Yeah, I'm more responding to this.
 
Ben
9:02 AM
According to my GM (he's been in the game since 1e, and it's basically his life) apparently True20 came out with it first, that both Paizo and Hasbro adopted
 
True20 dates from 2005.
I submit that it's not uncommon for people whose "life" is D&D, to be unaware of RPG trends outside that sphere until they are picked up by D&D-adjacent spaces.
 
 
1 hour later…
10:23 AM
it's not even a trend though, it's just a question of how specific skills are in a given system
 
10:56 AM
The basic premise is a bit confusing, yes.
 
"Skill merge" is just a consolidation of the skill list
Games since the dawn of games have added/removed skills as made sense for their paradigm. None of these did that in a void, new games' developers didn't re-invent the skill concept every time—they assessed what came before them and re-assessed what skills their system should have, if any.
Whether you go more fine-grained on skills, or go with more broad strokes, depends on what your system cares about.
D&D has tons of skills and mechanics and features that relate to combat because having one single skill about combat would be a problem: it would be The God Skill you put all your points into. Going more fine-grained, dividing that up into many different attributes and skills and sub-mechanics, creates more meaningful choices with the core of the system.

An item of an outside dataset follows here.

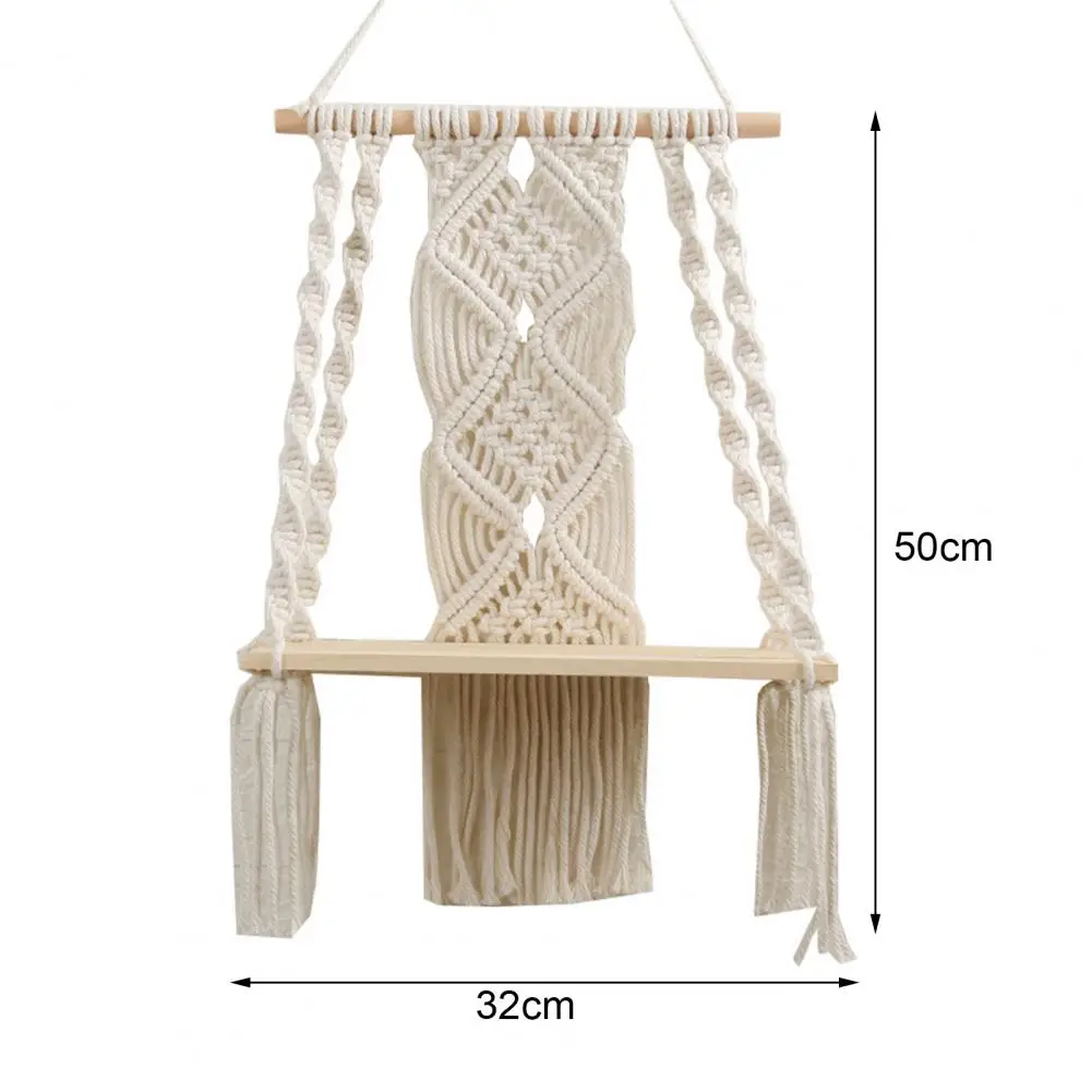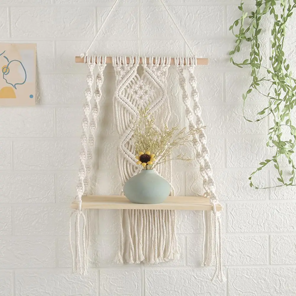 Плетеная вешалка для растений в стиле бохо, настенная полка, плетеные деревянные богемные макраме, настенные подвесные полки для гостиной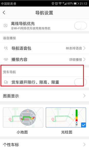 4、在导航设置里面找到货车导航,导航会避开限高、限行、限重,如下图所示:

On the other hand, D&D doesn't prioritise Being Friendly as a way to get things done, so it only has one skill for Being Friendly and that is fine and works well.
(And only 3-4 social skills depending on the edition, each given a fraction of the focus of anything physical.)
You divide up skills to the degree they don't make sense being grouped together OR to the degree you need to avoid a God Skill and create meaningful choices and allow players to differentiate themselves. (D&D players have to choose between "ranged" and "melee" and "grapple" and "magic" and "strength" and "dexterity" and "toughness" and so on, there is no one "Be Good At Combat" skill.)
You consolidate skills to the degree they aren't important but their existence is still necessary. (Bubblegumshoe players just put points into "Fight" to see how well they can throw down when it comes to it.)
Bubblegumshoe on the other hand has its focus on investigation. Most editions of D&D have a single Investigate skill because that's all it needs, because it's not super important. (Some don't have that at all.) However, if you had just one Investigate skill in Bubblegumshoe, that would be the God Skill. So instead Bubblegumshoe has tons of different skills for how you investigate, so that you can't be good at all the methods.
So to review:
- Bubblegumshoe is about investigation. It's not about wilderness survival at all; that gets no skills. It's barely about fighting, that gets one skill. It has some skills that might come up related to either, like first aid. It is about Investigation though, so it branches up the Investigation skills heavily.
- D&D is about combat. It isn't about Investigation much, but that's something people still may want to do sometimes, so that gets one skill, sometimes. It is about combat, though, and wilderness survival to a lesser extent. Since it is VERY about combat, combat gets TON
D&D in fact is so much about combat that it couldn't do combat with Skills alone and had to branch into tons more deeper mechanics than simply a score on a sheet, all specifically about combat.
 
Technically doesn't it only have one wilderness survival skill ?
 
@trogdor which one? (which game?)
 
11:12 AM
Like, nature, hide, and move silently exist. But they don't get you food
@doppelspooker D&D
Like isn't Survival the only one that actually specifically does that thing?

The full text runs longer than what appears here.